Association of TLR6 single nucleotide polymorphisms and clinical features of ischemic stroke in Korean population
Article information
Abstract
Recent studies showed association between diseases and TLR6 polymorphisms. To investigate whether TLR6 polymorphisms are associated with the development of ischemic stroke, four single nucleotide polymorphisms (SNPs) of the TLR6 gene (rs1039559, rs3821985, rs3775073, and rs5743818) were analyzed in 120 patients with ischemic stroke (IS) and 278 control subjects. All ischemic stroke patients were classified into clinical subgroups according to NHISS and MBI. SNPStats was used to obtain odds ratios (ORs), 95% confidence intervals (CIs), and P values. Multiple logistic regression models (codominant1, codominant2, dominant, recessive, and log-additive) were performed to analyze the genetic data. Two SNPs (rs3821985 and rs3775073) of the TLR6 gene were associated with the NHISS in ischemic stroke patients (P< 0.05). Also, three SNPs (rs1039559, rs3821985, and rs3775073) showed association with MBI in ischemic stroke patients (P< 0.05). These results suggest that SNPs of TLR6 (rs1039559, rs3821985, and rs3775073) may be affect the disease characteristics of stroke, such as NIHSS and MBI.
INTRODUCTION
The toll-like receptor (TLR) 6 has a role in the innate immunity, as receptor for pathogenic molecules (Kadowaki et al., 2001) and endogeneous damage-associated molecules (Piccinini et al., 2010). TLR6 is known as a receptor for mycobacterial infection (Zhang et al., 2013), and associated with recognization of bacterial lipopeptides and lipoteichoic acid (Irvine et al., 2013).

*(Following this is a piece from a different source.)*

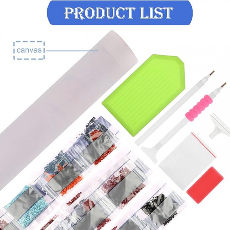 HD plátno: diamantové doplňky obsahují voděodolné olejové barvy. Písmena a symboly vytištěné na plátně jsou snadno čitelné. Lepidlo je silné, takže diamanty nespadnou. K sadě je přidáno o 30 % více diamantů, takže jich je dost na dokončení obrazu.
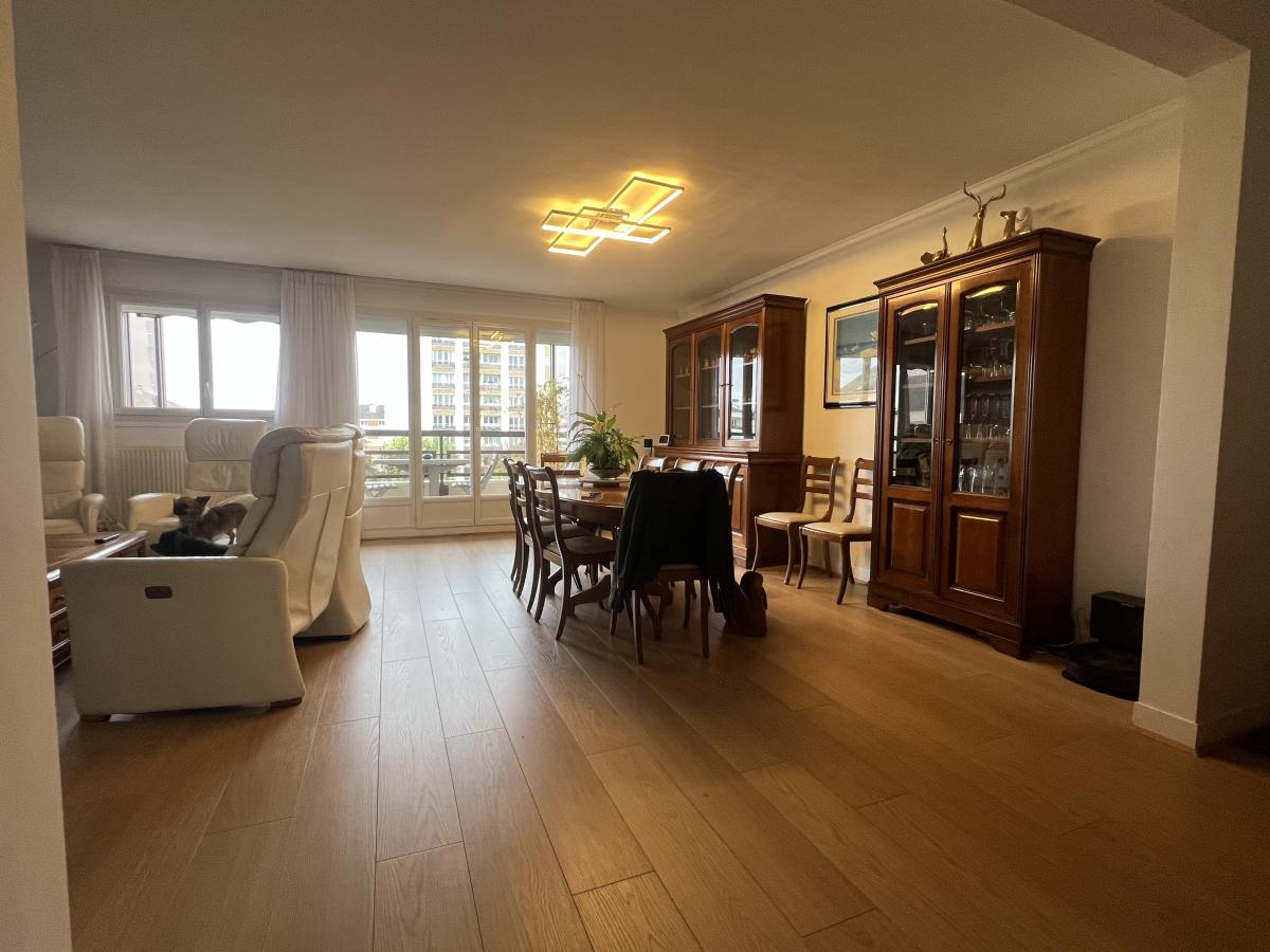 CAEN rive gauche - Résidence Jean Racine - dans résidence de bonne tenue avec ascenseur, beau 5 pièces de 119 m2, comprenant séjour salon 37 m2, cuisine aménagée, 3 chambres, 2 salles d’eau, wc. Cave et garage. Balcon. Charges collectives gaz. (Bientôt chauffage urbain). Très bon état général. DPE : C

TLRs have receptor function for specific molecules (Kadowaki et al., 2001; Piccinini et al., 2010), and the overall expression of TLRs may activate the subsequent inflammatory response cascades (Kadowaki et al., 2001). TLRs that expressed on the cell membrane need to be dimerized to transduce signals into cytoplasmic pathways. Among them, TLR1 is the most expressed and may be dimerized with any other TLRs to transduce the recognized signals by other TLRs. For the TLR6, TLR2 is the major TLR dimers with it (Irvine et al., 2013).
Interestingly, there is a TLR10/TLR1/TLR6 locus on chromosome 4 (Mikacenic et al., 2013), and the locus forms a complex to genetically affect, or to be associated with, other immune response related genes. And it implies that TLR6 may have close genetic relationship to TLR1, the most expressed TLR which may affect the signal transduction of many TLRs. There was a report that the genetic variation in the TLR10/TLR1/TLR6 complex may determine the TLR1 and TLR2 mediated responses in the individuals (Mikacenic et al., 2013). And TLR1 and TLR2 is associated with activation of inflammatory responses in central nervous system, such as microglial cells, glial progenitors, neurons, astrocytes, as well as peripheral blood monocytes (Cassiani-Ingoni et al., 2006). In the Lyme disease, TLR1 and 2 may affect the human leukocyte antigen (HLA)-class II expressions and therefore, differential symptoms, such as whether central nervous system manifestation develops in individuals, may be determined. Moreover, TNF-alpha mediated inflammation may contribute to the cerebral aneurysms, which is another cerebral artery disease and related with severe inflammatory responses, and TLR-mediated innate immunity was related with higher TNF-alpha expression (Jayaraman et al., 2008). Such evidences suggest that TLRs may affect many vascular diseases, such as stroke, however TLR6 was mostly studied in the pulmonary diseases, such as bronchiolitis (Nuolivirta et al., 2013), Legionnaires’ disease (Misch et al., 2013), and bronchial effect of ureaplasma (Winters et al., 2013), but no previous study was reported whether the TLR6 polymorphisms may affect the development or clinical features of stroke.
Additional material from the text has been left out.